اَللّٰهُ الَّذ۪ي يُرْسِلُ الرِّيَاحَ فَتُث۪يرُ سَحَابًا فَيَبْسُطُهُ فِي السَّمَٓاءِ كَيْفَ يَشَٓاءُ وَيَجْعَلُهُ كِسَفًا فَتَرَى الْوَدْقَ يَخْرُجُ مِنْ خِلَالِه۪ۚ فَاِذَٓا اَصَابَ بِه۪ مَنْ يَشَٓاءُ مِنْ عِبَادِه۪ٓ اِذَا هُمْ يَسْتَبْشِرُونَ ﴿٤٨
48﴿ Ancak Allâh öyle (kudretli) bir Zâttır ki; o (rahmet) rüzgârları(nı) gönderir de, onlar hemen yekpâre bir bulutu harekete geçirir. Sonra dilediği şekilde onu gök (cihetin)de (bâzen tek parça hâlinde birleşik olarak) yayar ve (bâzen) onu parçalar hâline getirir. (Ey görebilen kişi!) İşte sen yağmuru, onun (yağmasına sebebiyet veren bulutun sıkıştırılması netîcesinde oluşan deliklerin) aralarından çıkarken görmektesin. Nihâyet O (Allâh-u Te‘âlâ) kullarından diler olduğu kimseler(in memleketin)e onu isâbet ettirdiği zaman birdenbire onlar (bolluk, bereket gelecek diye sevinçleri yüzlerine vuracak derecede) müjdelenirler.

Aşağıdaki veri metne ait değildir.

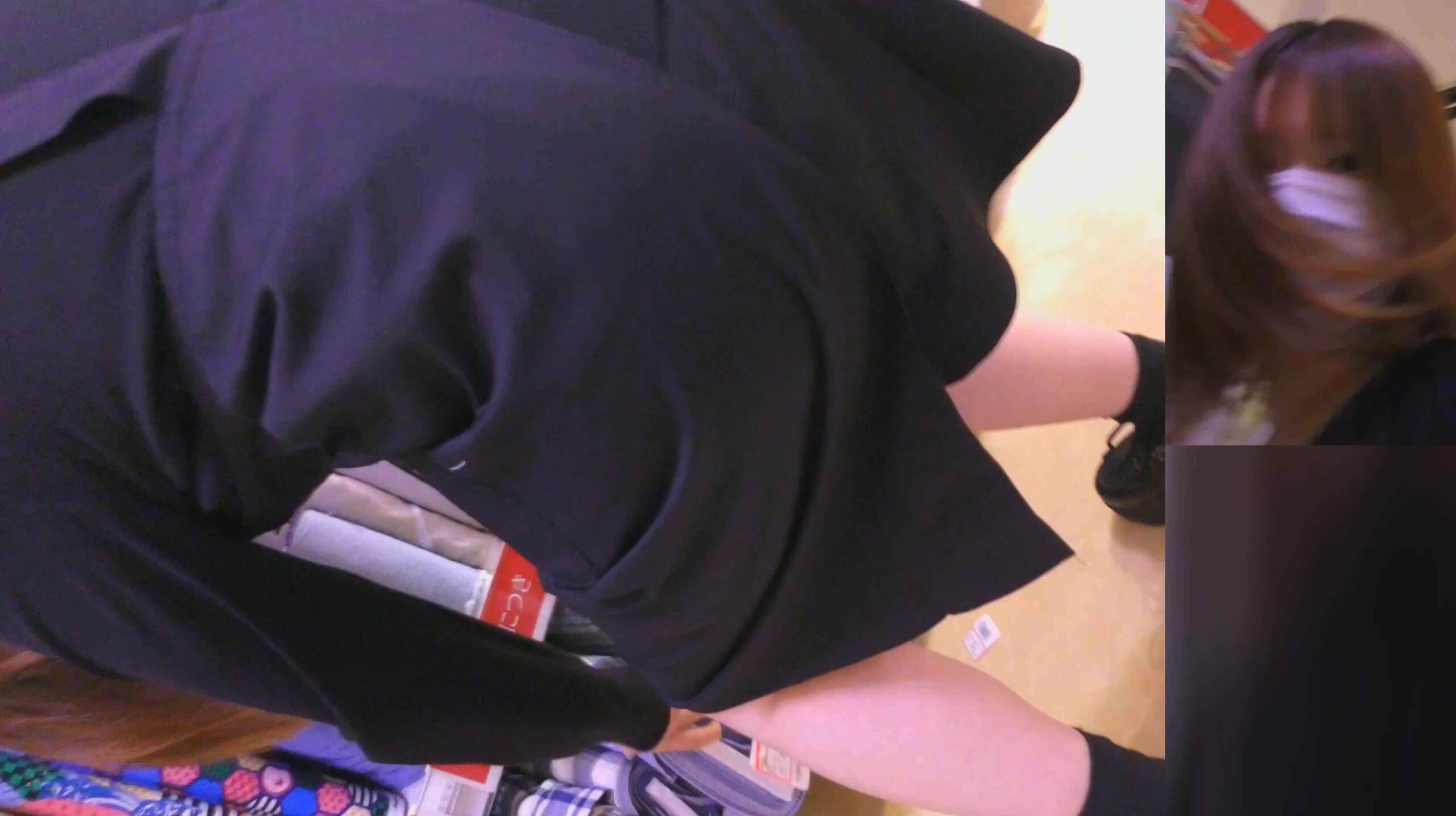 一つ目の商品を戻す際に中腰ではなくしゃがまれたので、横から頂きました。こんなの履いて接客するって何考えてんでしょうね。そりゃ撮られます。
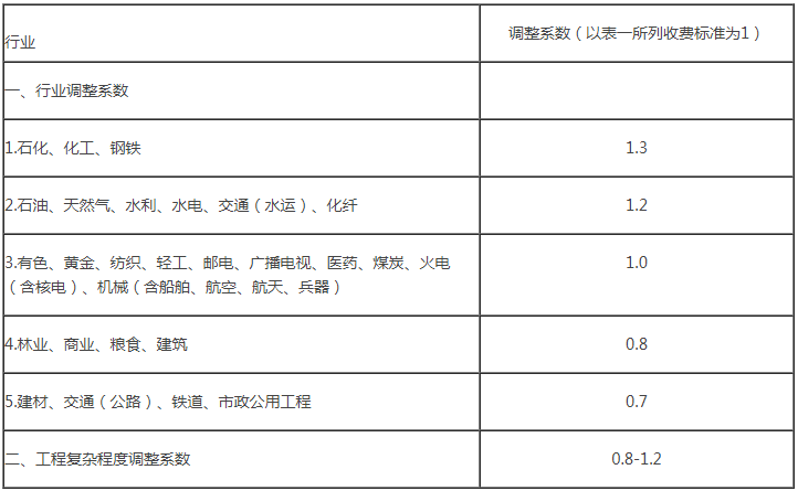 注:工程復(fù)雜程度具體調(diào)整系數(shù)由工程咨詢機構(gòu)與委托單位根據(jù)各類工程情況協(xié)商確定。

وَاِنْ كَانُوا مِنْ قَبْلِ اَنْ يُنَزَّلَ عَلَيْهِمْ مِنْ قَبْلِه۪ لَمُبْلِس۪ينَ ﴿٤٩
49﴿ Hâlbuki gerçekten onlar onun kendi üzerlerine indirilmesinden önce; onun (yağmasının getirdiği müjde ve ferahlanma) öncesinde elbette ümit kesmiş kimseler olmuştular.
فَانْظُرْ اِلٰٓى اٰثَارِ رَحْمَتِ اللّٰهِ كَيْفَ يُحْيِ الْاَرْضَ بَعْدَ مَوْتِهَاۜ اِنَّ ذٰلِكَ لَمُحْيِ الْمَوْتٰىۚ وَهُوَ عَلٰى كُلِّ شَيْءٍ قَد۪يرٌ ﴿٥٠
50﴿ (Ey insan!) Artık sen, Allâh’ın (yağmur yağdırarak ihsan buyurduğu) rahmetinin eserleri (olan; türlü türlü ağaçlara, sebzelere, bitkilere ve diğer nîmetleri)ne bak (da anla) ki; O (Allâh), ölümünden (ve kurumasından) sonra toprağı nasıl diriltmektedir?! İşte sana! Gerçekten Bu (yüce kudrete sâhip) Zât, elbette ölüleri dirilticidir. Zâten O, (yoktan yaratmak ve tekrar diriltmek dâhil) her şeye (hakkıyla gücü yeten bir) Kadîr’dir.